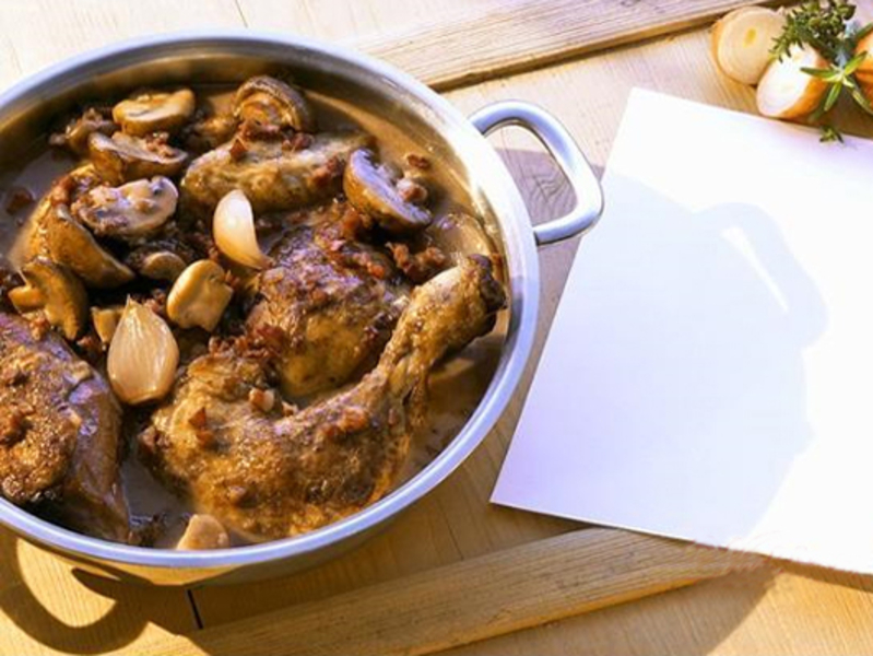 1. ЦЫПЛЕНОК ПО-ОХОТНИЧЬИ В ВИННО-ГРИБНОЙ ПОДЛИВЕ
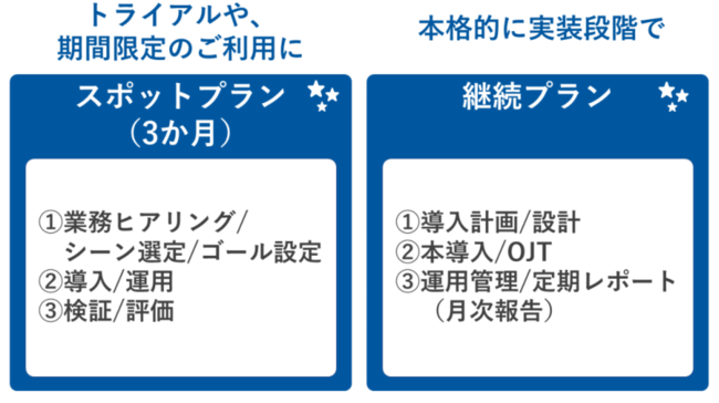 業務調査、要件定義、業務プロセス設計、システム提供、対話シナリオ作成、テスト/公開、運用ルール整備、マテリアル整備、公開後運用など。
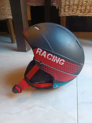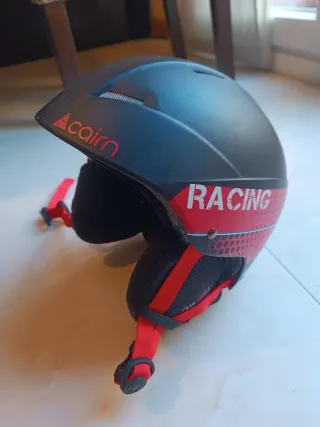 Casco de esquí infantil de la marca Cairn, modelo Racing. Buena calidad y muy calentito. Buena sujeción de las orejas. Diseñado para ofrecer protección y comodidad en la montaña. - Color negro y rojo. - Diseño con ventilación. - Correa ajustable para un ajuste seguro.
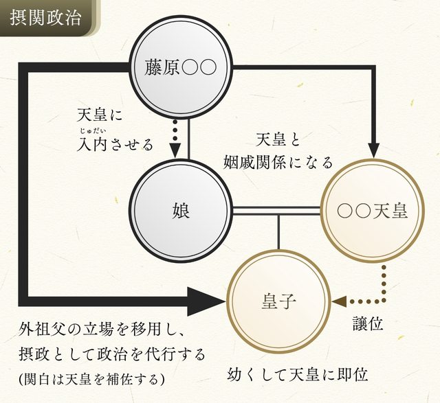 -攝關政治:所謂攝關政治,專指在平安時代,藤原北家將家中女兒嫁給天皇、生下皇子
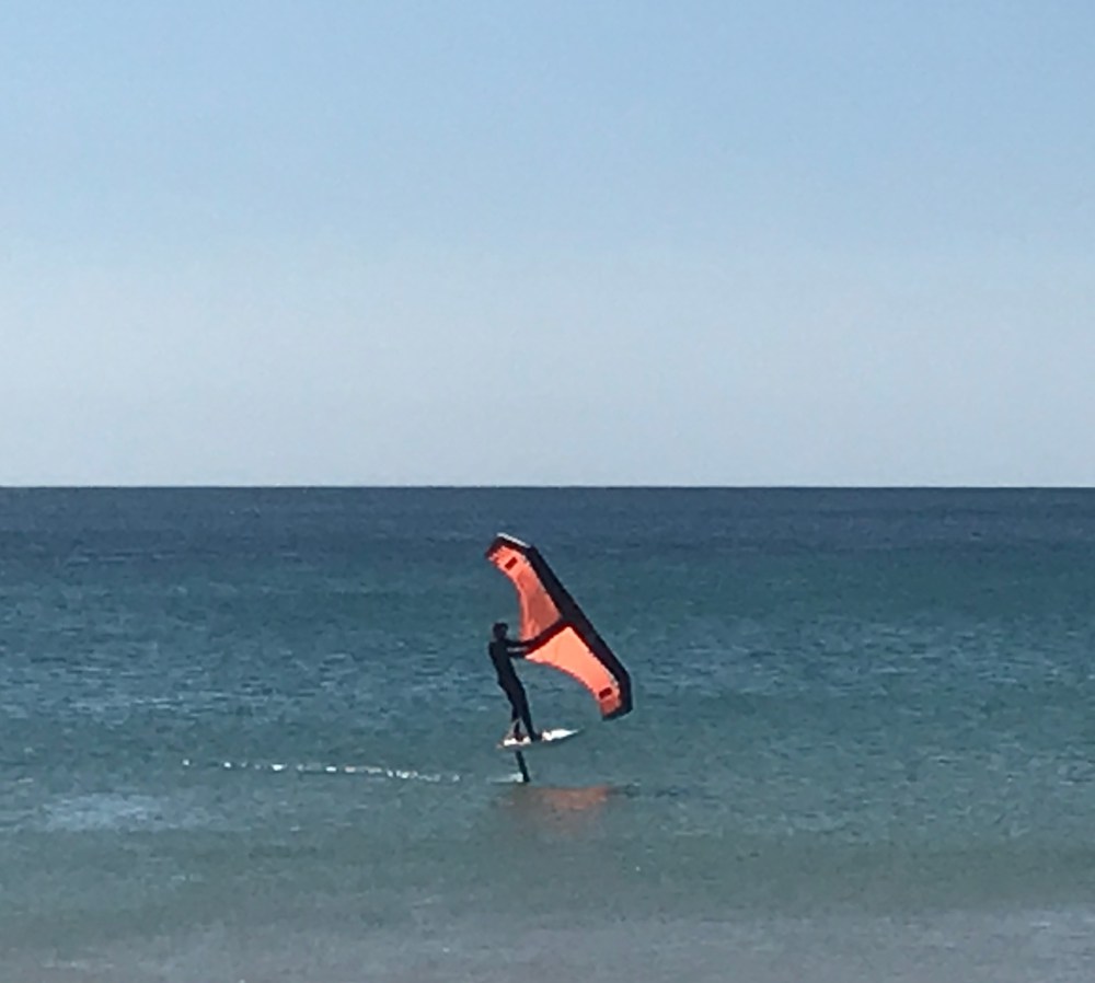 A day at the beach showed us yet another cool water+wind sport – foiling on a board with a hand-held inflatable wing. What will they think of next?
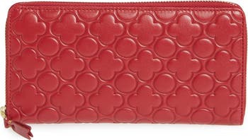 Sleek, zip-around wallet is updated in distinctively embossed leather.
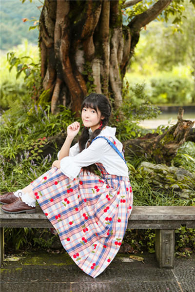 樱桃刺绣和背带裙的巧妙搭配,徐娇显得十分童趣可爱。
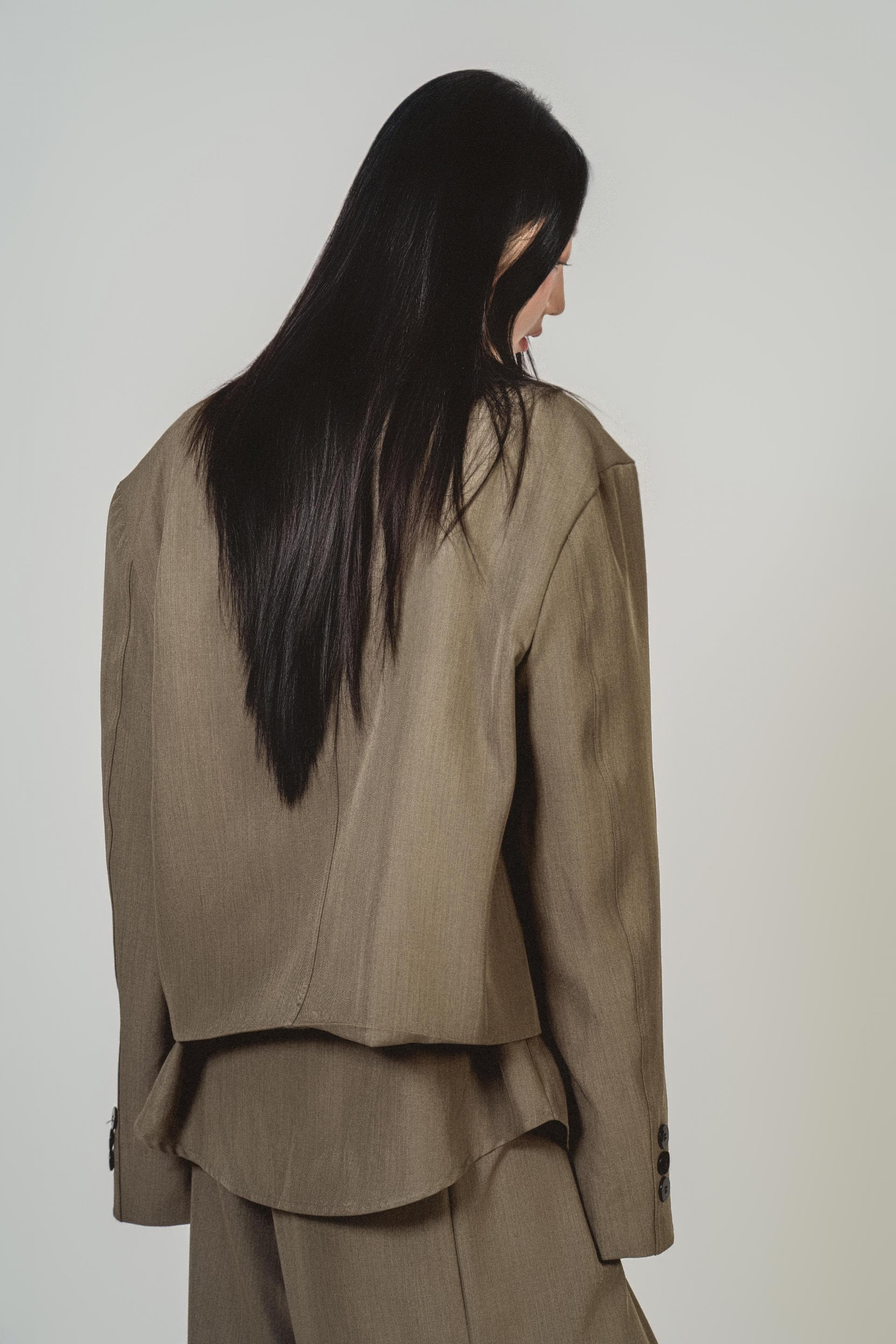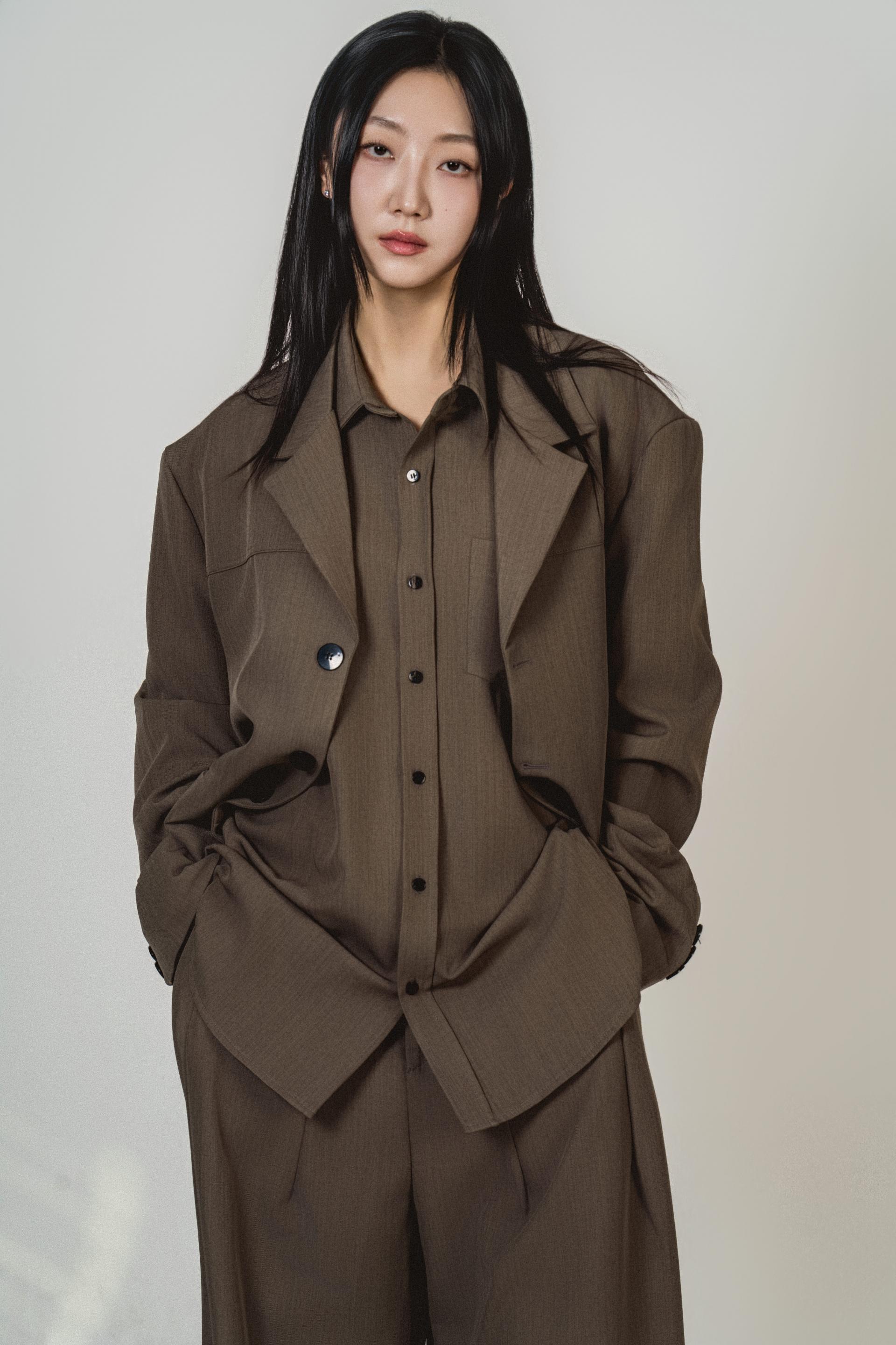 • 자켓의 단정한 라펠과 셔츠의 길이감이 대비를 만들어, 단순한 셋업과 달리 ‘레이어 구조’가 포인트로 남습니다.
--
**What to do:**
An exact copy is required of the lines from the start of the records above through the line with "業務調査、要件定義、業務プロ", and only those, without any pictures.

**Exercise answer:**
 1. ЦЫПЛЕНОК ПО-ОХОТНИЧЬИ В ВИННО-ГРИБНОЙ ПОДЛИВЕ
 業務調査、要件定義、業務プロセス設計、システム提供、対話シナリオ作成、テスト/公開、運用ルール整備、マテリアル整備、公開後運用など。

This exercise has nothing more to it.